§ Required action
Among the entries below, only the lines from the one with "2. Вымесить тесто" through the one with "8월2일에 싸이월드 맛보기 서비스가 시작이 된다고 해서 기사를 찾아봤습니다." are wanted, reproduced exactly. Pictures are not wanted.

§ Given information
☆ ☆ ☆ ☆ ☆ ☆ ☆
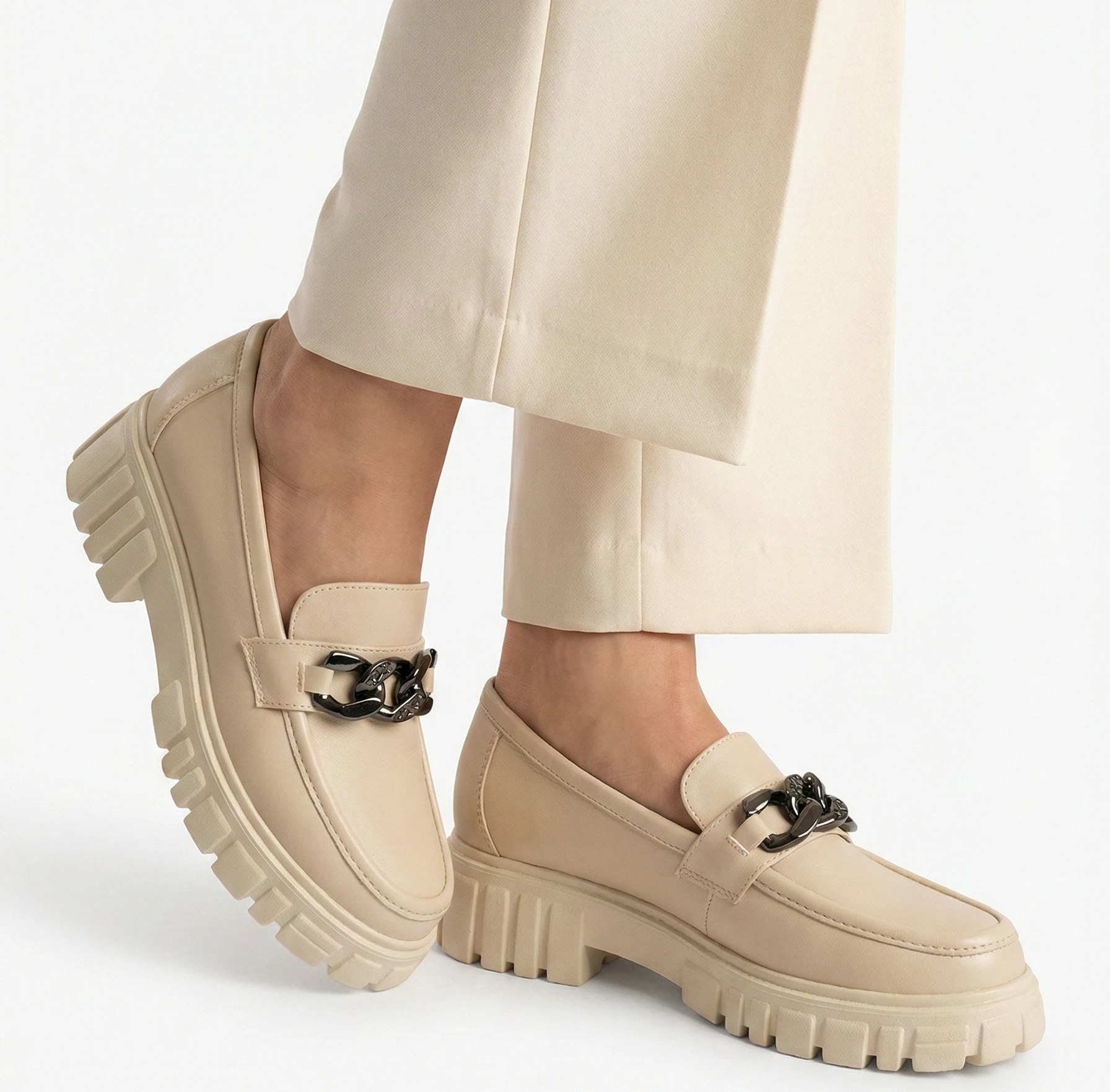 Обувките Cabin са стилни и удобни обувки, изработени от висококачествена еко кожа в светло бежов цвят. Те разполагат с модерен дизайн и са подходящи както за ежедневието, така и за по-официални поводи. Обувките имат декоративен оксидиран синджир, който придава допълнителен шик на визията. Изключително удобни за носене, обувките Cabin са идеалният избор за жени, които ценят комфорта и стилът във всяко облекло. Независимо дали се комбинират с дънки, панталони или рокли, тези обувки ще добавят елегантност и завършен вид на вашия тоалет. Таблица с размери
☆ ☆ ☆ ☆ ☆ ☆ ☆
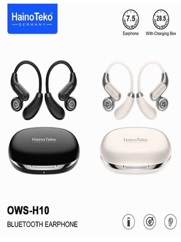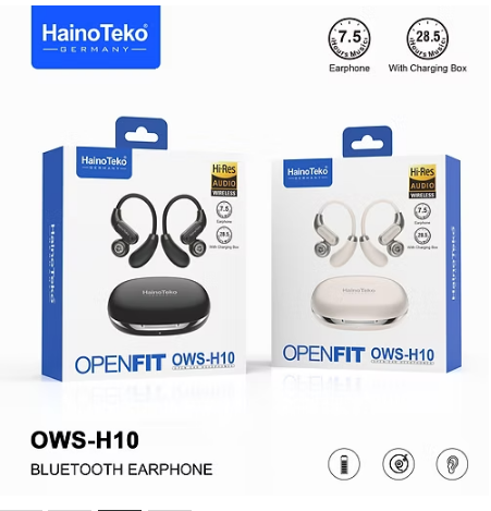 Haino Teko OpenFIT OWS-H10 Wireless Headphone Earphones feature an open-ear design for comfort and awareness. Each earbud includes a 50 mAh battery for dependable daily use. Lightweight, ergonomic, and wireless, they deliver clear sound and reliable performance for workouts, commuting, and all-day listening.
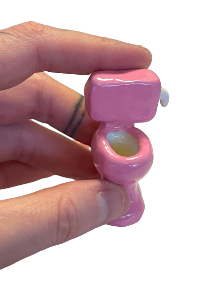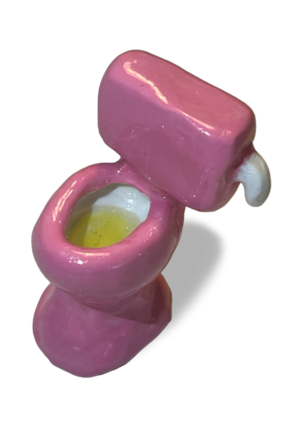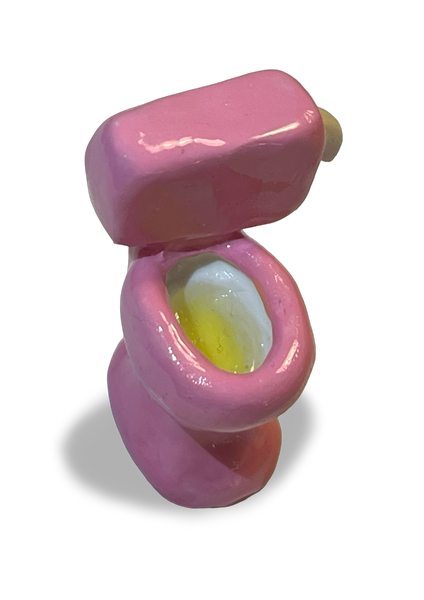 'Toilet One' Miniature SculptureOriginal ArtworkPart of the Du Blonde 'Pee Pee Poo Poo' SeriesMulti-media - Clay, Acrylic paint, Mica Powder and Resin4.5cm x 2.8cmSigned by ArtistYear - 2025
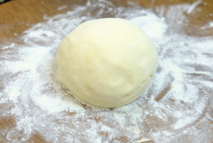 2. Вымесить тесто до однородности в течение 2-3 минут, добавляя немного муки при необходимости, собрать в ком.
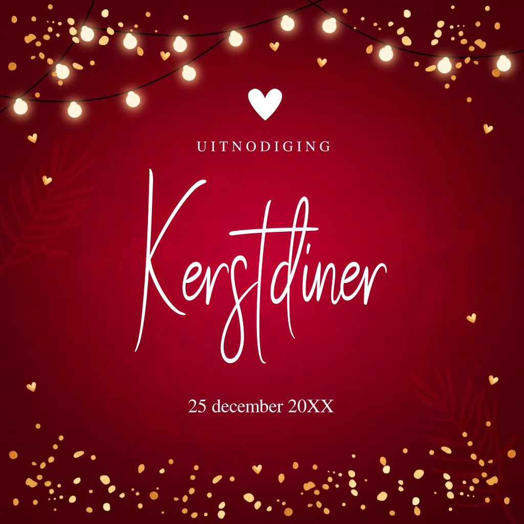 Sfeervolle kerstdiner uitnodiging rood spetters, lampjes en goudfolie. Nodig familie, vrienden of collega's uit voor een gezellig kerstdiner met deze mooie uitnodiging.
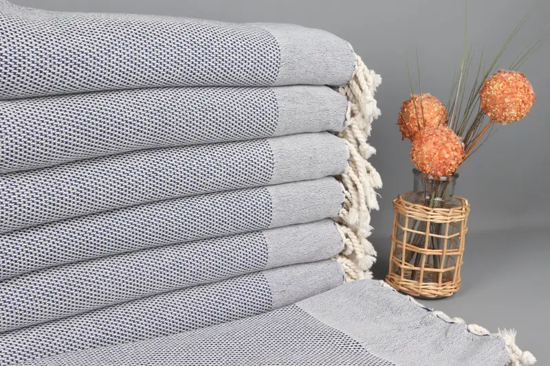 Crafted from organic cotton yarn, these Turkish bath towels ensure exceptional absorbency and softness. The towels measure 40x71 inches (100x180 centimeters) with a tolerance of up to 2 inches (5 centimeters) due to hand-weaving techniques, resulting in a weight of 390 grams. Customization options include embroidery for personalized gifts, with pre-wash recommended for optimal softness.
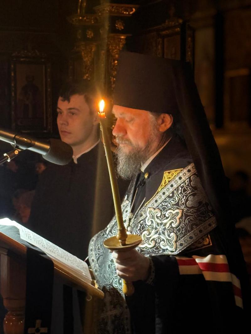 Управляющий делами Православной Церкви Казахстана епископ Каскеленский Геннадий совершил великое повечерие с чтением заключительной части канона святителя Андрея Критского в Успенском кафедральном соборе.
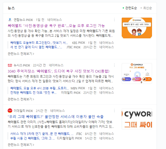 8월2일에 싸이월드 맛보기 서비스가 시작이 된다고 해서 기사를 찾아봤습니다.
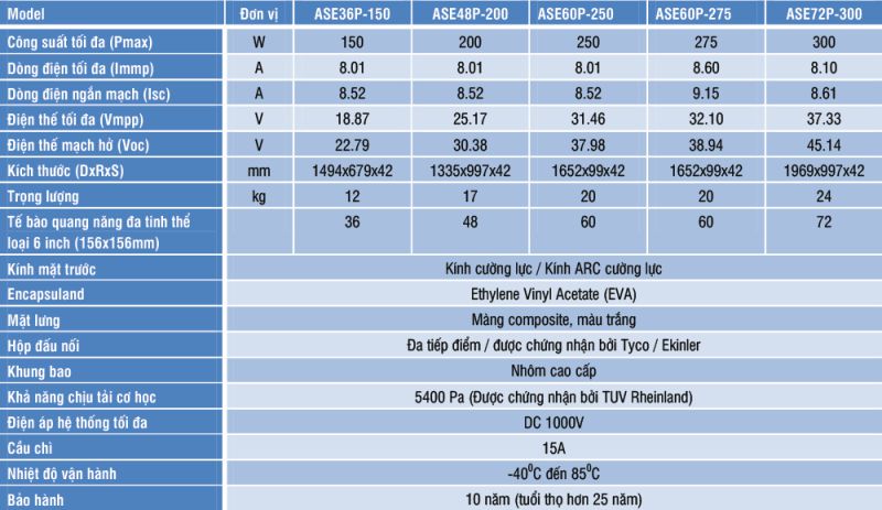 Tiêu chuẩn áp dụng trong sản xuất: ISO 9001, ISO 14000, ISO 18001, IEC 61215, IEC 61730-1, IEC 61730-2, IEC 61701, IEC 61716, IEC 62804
☆ ☆ ☆ ☆ ☆ ☆ ☆
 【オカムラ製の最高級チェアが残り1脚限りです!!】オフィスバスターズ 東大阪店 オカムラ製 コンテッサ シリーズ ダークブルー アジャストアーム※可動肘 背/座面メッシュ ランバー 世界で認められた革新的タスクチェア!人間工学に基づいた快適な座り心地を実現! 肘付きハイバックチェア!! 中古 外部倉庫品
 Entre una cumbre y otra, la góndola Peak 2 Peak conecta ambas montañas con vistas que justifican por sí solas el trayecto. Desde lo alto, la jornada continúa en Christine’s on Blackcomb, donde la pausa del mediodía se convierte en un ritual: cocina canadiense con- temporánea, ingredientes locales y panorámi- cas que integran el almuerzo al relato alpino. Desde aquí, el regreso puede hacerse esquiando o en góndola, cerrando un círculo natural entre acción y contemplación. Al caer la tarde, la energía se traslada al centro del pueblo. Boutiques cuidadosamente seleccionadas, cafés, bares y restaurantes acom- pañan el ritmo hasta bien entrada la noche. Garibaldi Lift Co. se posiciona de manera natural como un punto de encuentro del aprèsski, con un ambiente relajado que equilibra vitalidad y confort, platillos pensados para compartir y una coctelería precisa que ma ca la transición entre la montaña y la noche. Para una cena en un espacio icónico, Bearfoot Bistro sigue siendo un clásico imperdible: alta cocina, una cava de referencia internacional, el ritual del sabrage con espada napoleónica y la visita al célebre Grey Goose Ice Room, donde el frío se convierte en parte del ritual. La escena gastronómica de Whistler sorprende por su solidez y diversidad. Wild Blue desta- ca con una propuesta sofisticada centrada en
☆ ☆ ☆ ☆ ☆ ☆ ☆
§ Answer to the exercise
 2. Вымесить тесто до однородности в течение 2-3 минут, добавляя немного муки при необходимости, собрать в ком.
 Sfeervolle kerstdiner uitnodiging rood spetters, lampjes en goudfolie. Nodig familie, vrienden of collega's uit voor een gezellig kerstdiner met deze mooie uitnodiging.
 Crafted from organic cotton yarn, these Turkish bath towels ensure exceptional absorbency and softness. The towels measure 40x71 inches (100x180 centimeters) with a tolerance of up to 2 inches (5 centimeters) due to hand-weaving techniques, resulting in a weight of 390 grams. Customization options include embroidery for personalized gifts, with pre-wash recommended for optimal softness.
 Управляющий делами Православной Церкви Казахстана епископ Каскеленский Геннадий совершил великое повечерие с чтением заключительной части канона святителя Андрея Критского в Успенском кафедральном соборе.
 8월2일에 싸이월드 맛보기 서비스가 시작이 된다고 해서 기사를 찾아봤습니다.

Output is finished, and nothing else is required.